安城市は明治用水が開通してから水田が開かれ、日本のデンマークと呼ばれるほどになった。これを取り上げようというと先生方は小学校の「既習事項」だという。では本当に生徒たちが明治用水や農業のことを深く知っているだろうか。明治用水は一時、工業用水や生活廃水などの影響で白く濁った時期があり、住民の粘り強い運動で回復してきた歴史もある。
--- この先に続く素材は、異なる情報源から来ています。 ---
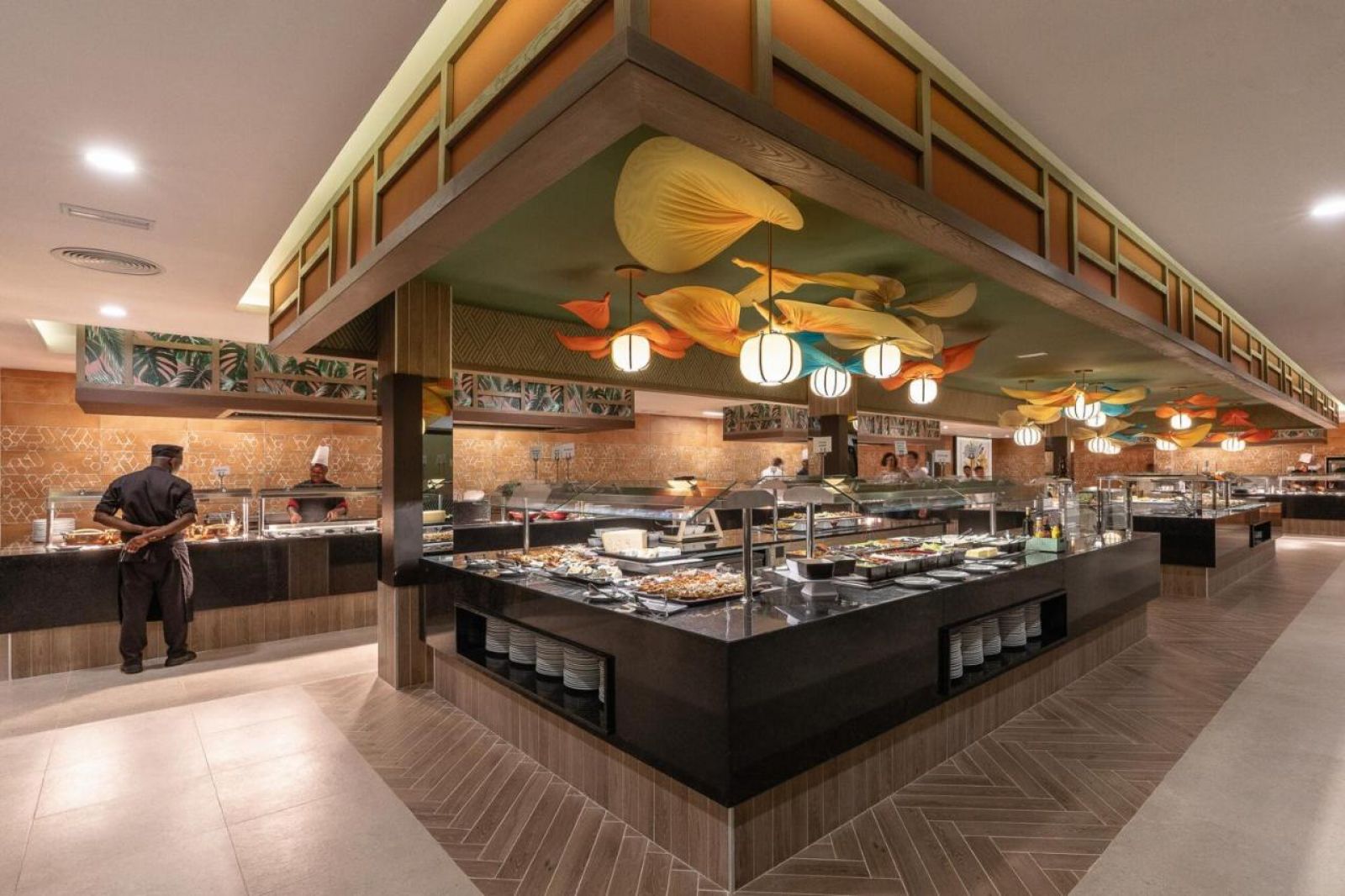 Основен ресторант с шоу кукинг, 3 тематични ресторанта - фюжън, стек хаус, рибен с предварителна резервация, 4 открити и 1 закрит басейн, 5 бара - 2 при басейна, 1 на плажа, 1 лаундж бар, СПА център, салон за красота, магазин за сувенири, 24-часова рецепция, паркинг.
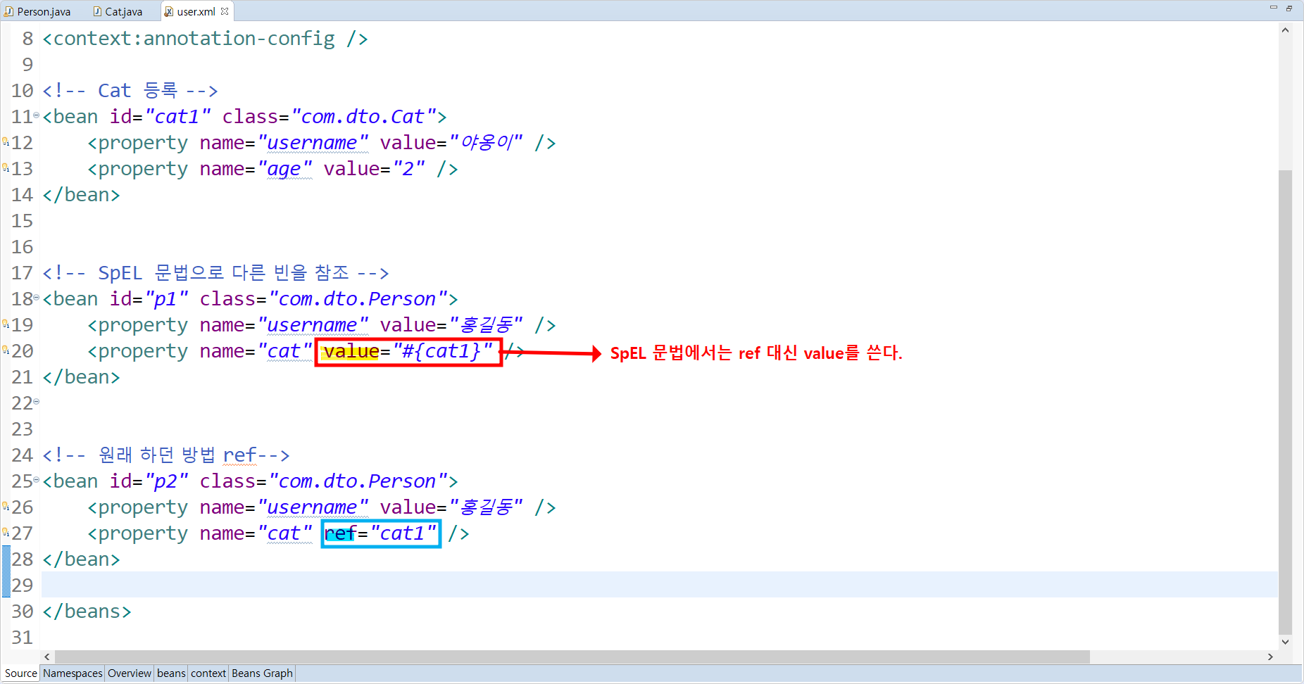 SpEL 문법으로 다른 빈을 참조

明治用水を取水する矢作川の源流の長野県根羽村には、安城市の茶臼山野外センターがあり、1年生はそこで4泊5日の自然教室を行なう。このときは矢作川を遡って、その源流域にあるキャンプ場まで歩いていく。子どもたちは自然教室に出かける日、剪定枝を1本もっていって、炭焼き伝道師の杉浦銀治先生のご指導で炭焼きをする。そしてできた炭を植穴に入れてブナの苗木を植林する。山を守ることが水を守ることであることを体で学んでいく。

こうした体験をした生徒たちは学校にドラム缶の窯をつくった。七夕祭りで使用ずみになった竹や剪定枝を集めて炭を焼き、水質浄化や農園の土壌改良に役立てるほか、Aコープの産直コーナーでも販売している。本校には無農薬・無化学肥料で野菜を栽培する自然農法農園があり、炭はそこにも入れられる。学校給食の生ゴミもぼかし肥とまぜて堆肥化して利用している。生徒たちは早起きして、始業前に穫れた野菜を出荷する。アンケートをつくってお客さんの要望を調べたりしながら、現実の経済にもかかわっていく。

こうした活動のなかでさまざまな探究が生まれている。1年生のEさんは水源の地で炭焼きをしている斎藤さんの話から、針葉樹と広葉樹の保水力の違いにこだわった。広葉樹のほうが優れているという斎藤さんや、違いはないという森林組合の人の意見の違いに着目して、実験によってそれをたしかめた。さらになぜ保水力のある広葉樹ではなく、針葉樹を植林するのか、山で暮らす人の事情を聞き取っている。そして、「水を使う者が水、森をつくる」という立場から水源の森での植林活動を後輩が続けることを願っているのである。

フロアディスカッション コーディネーター奈須正裕

地域の人とどうかかわるか

奈須 まず、それぞれの報告を聞いた感想や疑問点から。

――地域の人材のつきあいかたは?

藤本 ○○会の会長さんや委員さんというような方は話はお上手だが、学習としてはおもしろくない。行事のような改まった形ではなく、隣のおばあちゃんがのそのそっと学校へきてくださって、のそのそっと帰っていく、という感じで付き合わせていただいている。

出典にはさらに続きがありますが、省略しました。